Authors : Sungwon Kim, Kevin J Shih, Rohan Badlani, Joao Felipe Santos, Evelina Bhakturina, Mikyas Desta, Rafael Valle, Sungroh Yoon, Bryan Catanzaro
Status : Added newer samples with better prosody and pronunciation. Check out samples
folder. LJSpeech pretrained ckpt - GDrive Link
Unofficial implementation of the paper P-Flow: A Fast and Data-Efficient Zero-Shot TTS through Speech Prompting by NVIDIA.

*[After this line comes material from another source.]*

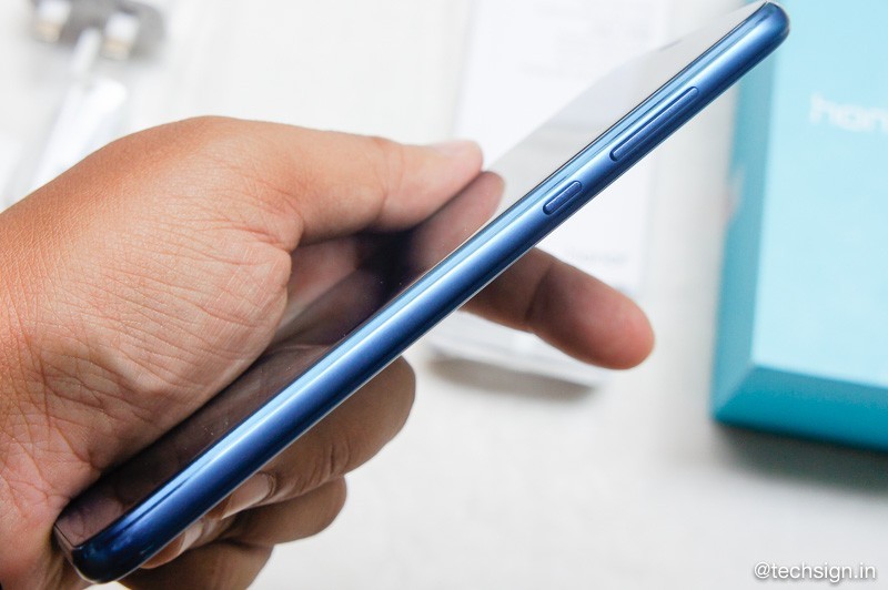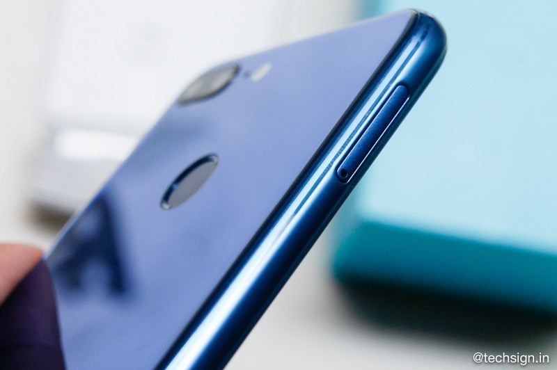 Có thể nói Honor 9 Lite là một chiếc điện thoại mà khi cầm cân so về cấu hình và tính năng thì sẽ được lòng khá nhiều bạn trẻ. Cụ thể là máy sở hữu đến 4 camera (2 trước, 2 sau), camera sau lồi không đáng kể, song song đó là mặt trước và sau đều bằng kính, phiên bản mình có dịp trải nghiệm có màu xanh Sapphire nổi bật.

While recent large-scale neural codec language models have shown significant improvement in zero-shot TTS by training on thousands of hours of data, they suffer from drawbacks such as a lack of robustness, slow sampling speed similar to previous autoregressive TTS methods, and reliance on pre-trained neural codec representations. Our work proposes P-Flow, a fast and data-efficient zero-shot TTS model that uses speech prompts for speaker adaptation. P-Flow comprises a speechprompted text encoder for speaker adaptation and a flow matching generative decoder for high-quality and fast speech synthesis. Our speech-prompted text encoder uses speech prompts and text input to generate speaker-conditional text representation. The flow matching generative decoder uses the speaker-conditional output to synthesize high-quality personalized speech significantly faster than in real-time. Unlike the neural codec language models, we specifically train P-Flow on LibriTTS dataset using a continuous mel-representation. Through our training method using continuous speech prompts, P-Flow matches the speaker similarity performance of the large-scale zero-shot TTS models with two orders of magnitude less training data and has more than 20× faster sampling speed. Our results show that P-Flow has better pronunciation and is preferred in human likeness and speaker similarity to its recent state-of-the-art counterparts, thus defining P-Flow as an attractive and desirable alternative.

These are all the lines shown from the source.